This paper is based on a systematic literature search in PubMed until the end of March 2018 using the search terms “vitamin D” and “fortification,” but reference lists of retrieved articles and personal references were also used. After an introduction on metabolism and clinical effects of vitamin D, we briefly summarize major nutritional vitamin D guidelines and give an overview on global vitamin D status and vitamin D intakes with a focus on the gap that exists between current estimates for vitamin D requirements and actual vitamin D intakes within populations. Following a section on general approaches on how to prevent and treat vitamin D deficiency, we outline safety issues of vitamin D before we present data on the history and the current status of vitamin D food fortification world-wide. Then, we briefly summarize the approaches and modeling as well as cost-effectiveness studies of vitamin D food fortification. Finally, we present some suggestions and guidance on how to implement vitamin D food fortification.
Metabolism of Vitamin D
Vitamin D has a unique metabolism and is mainly produced in the skin where exposure to ultraviolet-B (UV-B) radiation (in sunlight) induces the conversion of skin produced 7-dehydrocholesterol into vitamin D3 (cholecalciferol) (9). Dietary intake of vitamin D from natural foods traditionally plays only a minor role with few available natural sources: animal sources such as fatty fish, cod liver oil, or egg yolks contain vitamin D3, and fungal sources such as mushrooms and yeast exposed to sunlight or UV radiation contain vitamin D2 (ergocalciferol). Vitamin D3 and D2 share, in general, the same metabolism. Therefore, we will not differentiate between these two forms unless otherwise stated and refer to vitamin D (meaning vitamin D3 and/or vitamin D2) throughout this manuscript. In terms of sources, vitamin D can also be supplied by supplements and fortified foods but vitamin D and its metabolites may also be stored and released from the body‘s adipose tissue (9–11). A very rough general estimate is that about 80% of vitamin D supply comes from UV-B induced production in the skin and about 20% from dietary intake, but this varies considerably depending on factors such as season/sun exposure habits, latitude, nutrition/supplement intake or ethnicity (3, 9, 12). Despite a high degree of inheritance of serum 25-hydroxyvitamin D (25[OH]D) in twin studies, data from a Genome Wide Association Study (GWAS) indicate that serum 25(OH)D concentrations have only a modest overall heritability due to common GWAS single nucleotide polymorphisms (SNPs) of 7.5%, highlighting the great impact of non-genetic factors to the variability in serum 25(OH)D concentrations (13, 14).

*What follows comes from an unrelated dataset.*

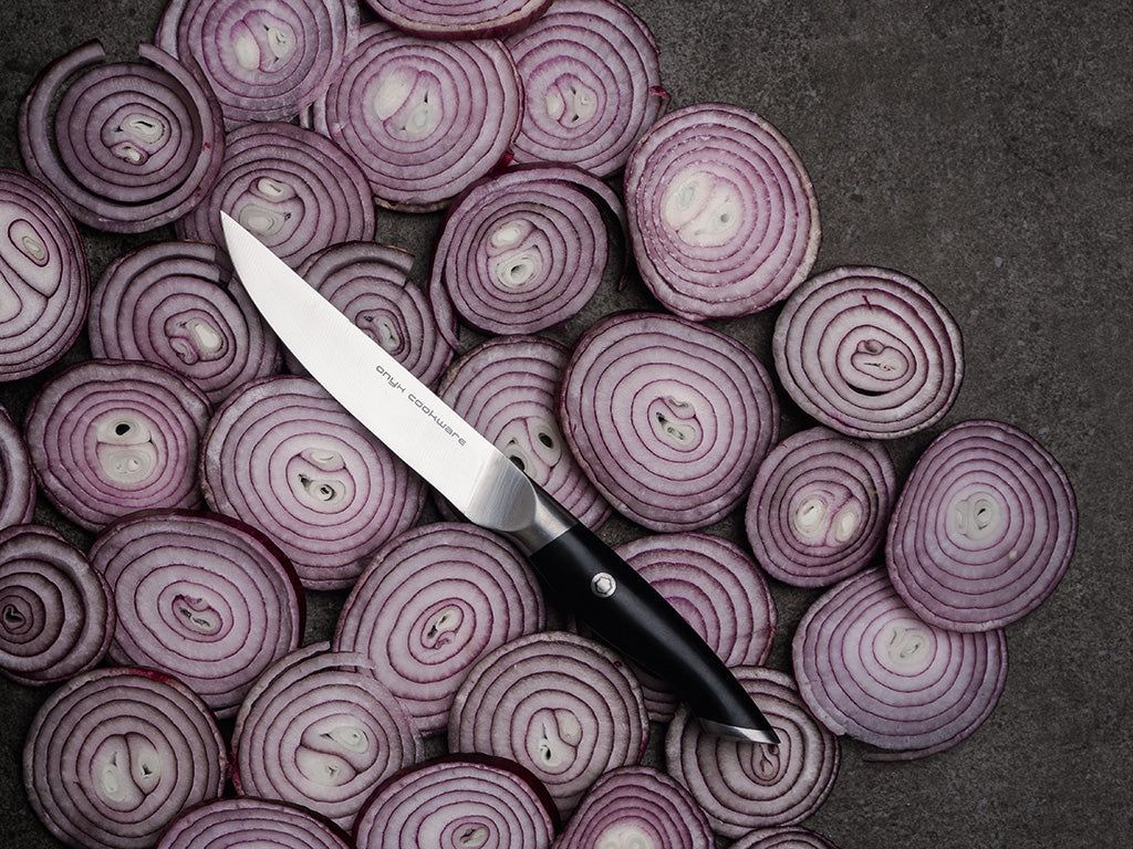 ONYX COOKWARE™ Universalkniven er god til at hakke og skære mindre madvarer og grøntsager, og er et ideelt værktøj til madforberedelse. Den deler mange af egenskaberne ved en kokkekniv, men dens mere kompakte størrelse gør den til et nyttigt værktøj, når du arbejder med mindre madvarer, da universalkniven tillader mere præcist skærearbejde. Så når din ONYX COOKWARE™ Kokkekniv er lidt for stor til jobbet, vil du række ud efter universalkniven i stedet.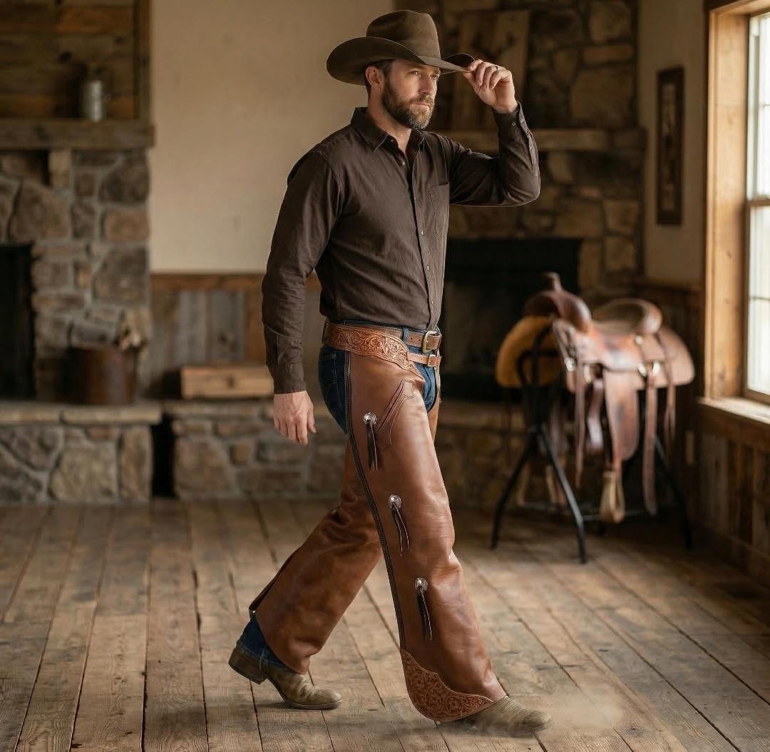 как выглядит Mens Hand Crafted Cowboy Style Suede Leather Pant Rodeo Style Chap Leather Pant фото

Vitamin D itself does not exert significant genomic biological effects and has to be metabolized (9). The common metabolism of vitamin D from any source involves, as a first step, the conversion to 25(OH)D in the liver that is mediated by different 25-hydroxylase enzymes (9). Serum 25(OH)D is the main circulating vitamin D metabolite that is considered to best indicate overall vitamin D status as it reflects vitamin D supply from diverse sources. Serum 25(OH)D has a traced half-life of approximately 2–3 weeks, whereas vitamin D itself has a half-life of only 1 day. In the bloodstream, approximately 85 to 90% of 25(OH)D is bound to vitamin D binding protein (DBP) and 10 to 15% is bound to albumin, so that less than 1% of serum 25(OH)D is unbound or free (15). The classification of vitamin D status is currently based on total serum 25(OH)D concentrations, i.e., the sum of bound and free fractions of both 25(OH)D2 and 25(OH)D3. It should, however, be acknowledged that there is some discussion regarding whether measuring free 25(OH)D concentrations may also be useful (15, 16). Such considerations are based on the fact that free 25(OH)D may cross the plasma membrane due to its lipophilic properties, whereas only a few organs that are crucial for vitamin D effects such as the kidneys, the parathyroid glands and the placenta are able to take up DBP-bound vitamin D metabolites through endocytosis by the megalin/cubilin complex (15, 16). While this is an active scientific debate, it is well established that 25(OH)D per se is hardly biologically active and has to undergo a further hydroxylation step that takes mainly place in the kidneys. In detail, renal 1-alpha-hydroxylase (CYP27B1) converts 25(OH)D to 1,25-dihydroxyvitamin D (1,25[OH]2D) that is also called “calcitriol” or the “active vitamin D hormone.” Whereas the rate of 25-hydroxylation in the liver is mainly substrate dependent until a plateau is reached at high serum 25(OH)D concentrations, 1-alpha hydroxylation in the kidneys is under tight control by calcium and phosphate metabolism including parathyroid hormone (PTH), which stimulates 1-alpha-hydroxylation and fibroblast growth factor-23 (FGF-23), which inhibits it.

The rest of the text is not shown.